» **TASK OBJECTIVE**: Reproduce the listing exactly, with no pictures in your copy.

» **PROVIDED MATERIAL**:

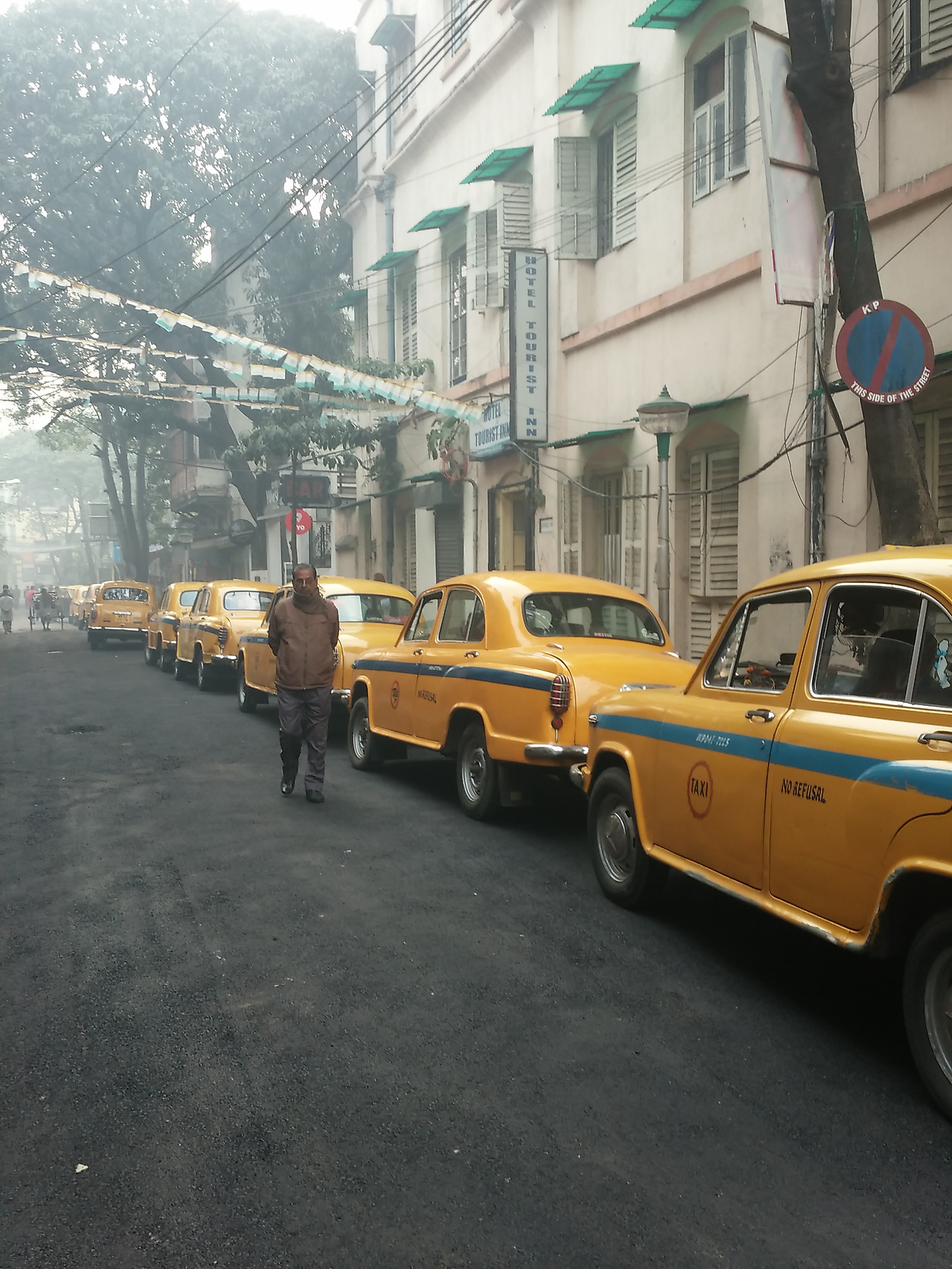 공항 근처 게스트 하우스에서 사다르 스트리트까지 300루피를 주고 택시로 이동했다. 택시에서 내리자마자 좋은 게스트 하우스를 소개해 주겠다고 호객꾼들이 달려들었다. 뜨거운 물은 나오는지, 와이파이는 되는지 확인한 후에 호객꾼을 따라갔다. 그런데 가는 곳마다 방이 없었다. 11월에서 2월까지 인도의 겨울은 여행객들이 넘쳐나는 성수기이다. 더구나 새해를 앞둔 연말엔 인도 여행객들도 많아 숙박시설이 많지 않은 콜카타는 비싼 방값에도 불구하고 방을 구하기 힘들다. 몇 군데를 돌아다녔는데도 방이 없었다. 와이파이가 되는 곳도 드물었다. 호객꾼이 와이파이가 된다고 데려간 곳 대부분이 "노 와이파이"라는 답이 돌아왔다. 대여섯 군데를 따라다니다. 화가 나서 호객꾼에게 손을 내치며
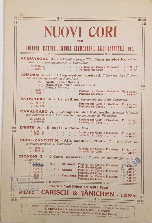 Nuovi Cori per collegi, istituti, scuole elementari, asili infantili, ecc.
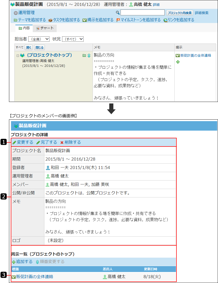 [変更する]、[完了する]、[削除する]のリンク: プロジェクトの運用管理者とプロジェクトの登録者の画面にのみ表示されるリンクです。 プロジェクトの設定内容の変更や削除、プロジェクトのステータス変更ができます。 |

» **EXERCISE OUTPUT**:
 공항 근처 게스트 하우스에서 사다르 스트리트까지 300루피를 주고 택시로 이동했다. 택시에서 내리자마자 좋은 게스트 하우스를 소개해 주겠다고 호객꾼들이 달려들었다. 뜨거운 물은 나오는지, 와이파이는 되는지 확인한 후에 호객꾼을 따라갔다. 그런데 가는 곳마다 방이 없었다. 11월에서 2월까지 인도의 겨울은 여행객들이 넘쳐나는 성수기이다. 더구나 새해를 앞둔 연말엔 인도 여행객들도 많아 숙박시설이 많지 않은 콜카타는 비싼 방값에도 불구하고 방을 구하기 힘들다. 몇 군데를 돌아다녔는데도 방이 없었다. 와이파이가 되는 곳도 드물었다. 호객꾼이 와이파이가 된다고 데려간 곳 대부분이 "노 와이파이"라는 답이 돌아왔다. 대여섯 군데를 따라다니다. 화가 나서 호객꾼에게 손을 내치며
 Nuovi Cori per collegi, istituti, scuole elementari, asili infantili, ecc.
 [変更する]、[完了する]、[削除する]のリンク: プロジェクトの運用管理者とプロジェクトの登録者の画面にのみ表示されるリンクです。 プロジェクトの設定内容の変更や削除、プロジェクトのステータス変更ができます。 |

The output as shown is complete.